## Data section
= = = =
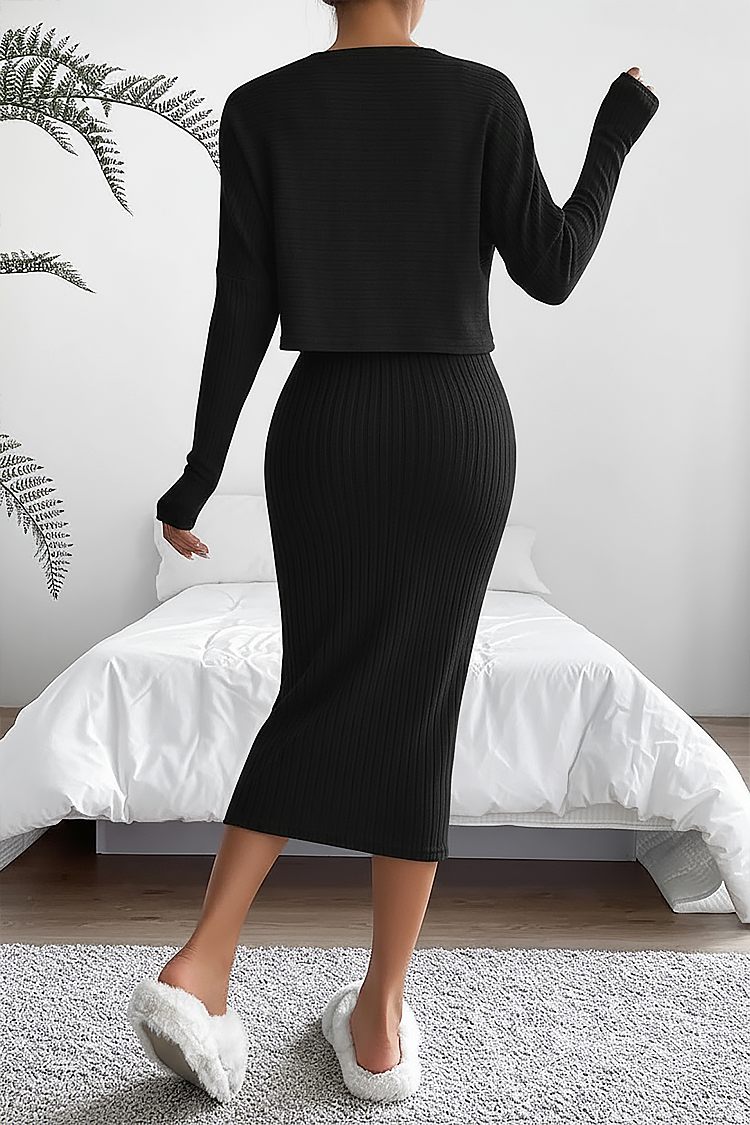 - Moderan dvodelni komplet u klasičnoj boji, pogodan za razne prilike.
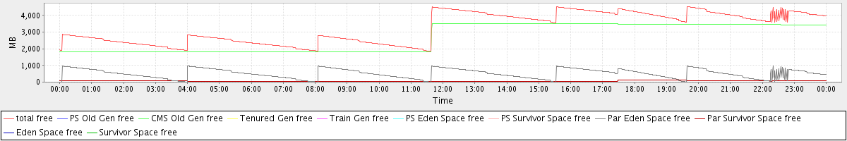 avg(total free) = 3258.45 avg(PS Old Gen free) = 0.00 avg(CMS Old Gen free) = 2673.01 avg(Tenured Gen free) = 0.00 avg(Train Gen free) = 0.00 avg(PS Eden Space free) = 0.00 avg(PS Survivor Space free) = 0.00 avg(Par Eden Space free) = 514.68 avg(Par Survivor Space free) = 70.76 avg(Eden Space free) = 0.00 avg(Survivor Space free) = 0.00
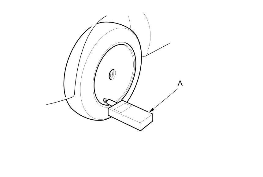 6. Hold the TPMS tool (A) near the valve stem of one wheel, and activate the tire pressure sensor.
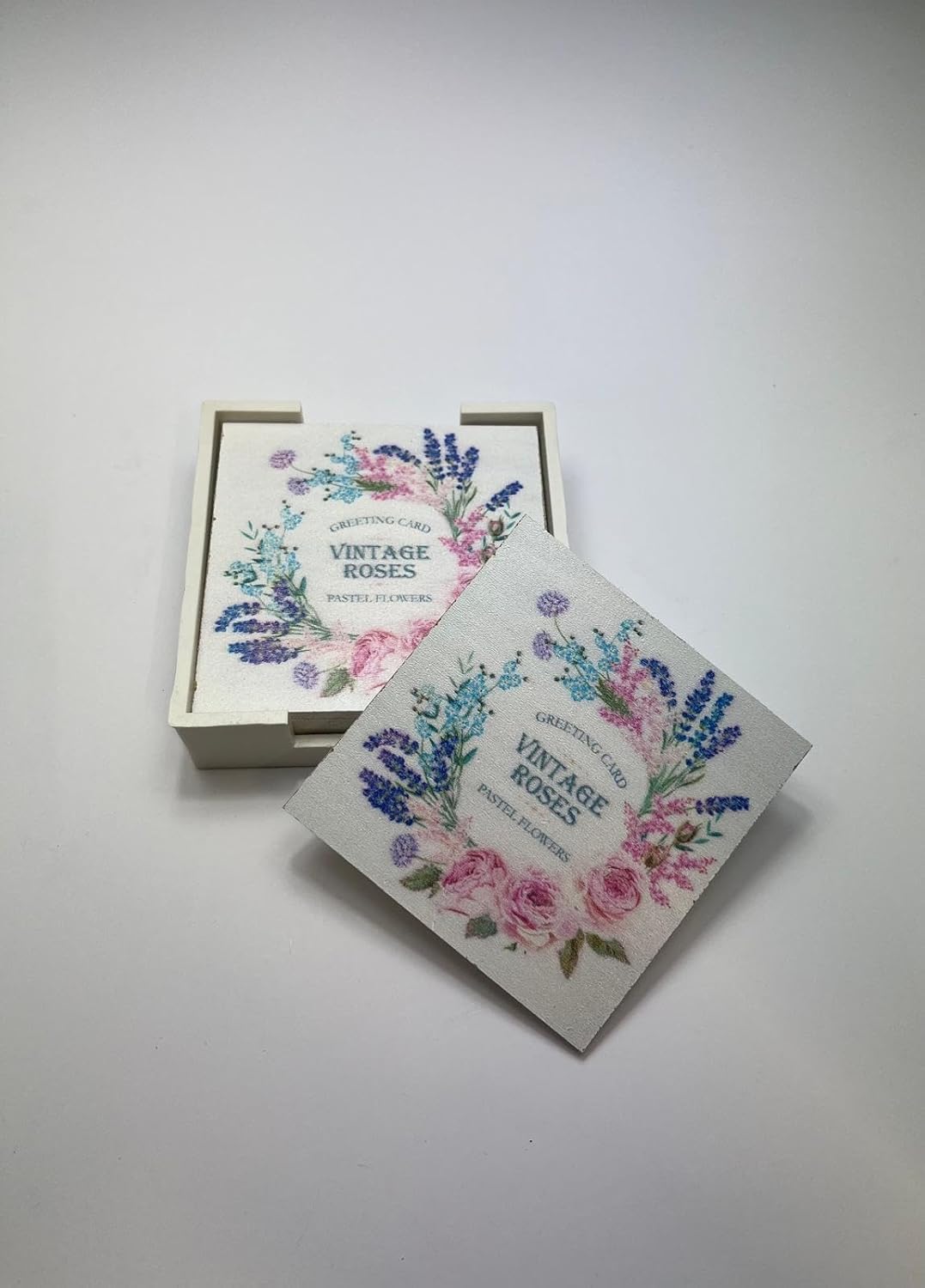 6’lı Ahşap Bardak Altlığı Seti (Kutulu – Çiçek Desenli)
= = = =
## Instructions to follow
Copy the material above word for word, images excluded.

## Response to this exercise
 - Moderan dvodelni komplet u klasičnoj boji, pogodan za razne prilike.
 avg(total free) = 3258.45 avg(PS Old Gen free) = 0.00 avg(CMS Old Gen free) = 2673.01 avg(Tenured Gen free) = 0.00 avg(Train Gen free) = 0.00 avg(PS Eden Space free) = 0.00 avg(PS Survivor Space free) = 0.00 avg(Par Eden Space free) = 514.68 avg(Par Survivor Space free) = 70.76 avg(Eden Space free) = 0.00 avg(Survivor Space free) = 0.00
 6. Hold the TPMS tool (A) near the valve stem of one wheel, and activate the tire pressure sensor.
 6’lı Ahşap Bardak Altlığı Seti (Kutulu – Çiçek Desenli)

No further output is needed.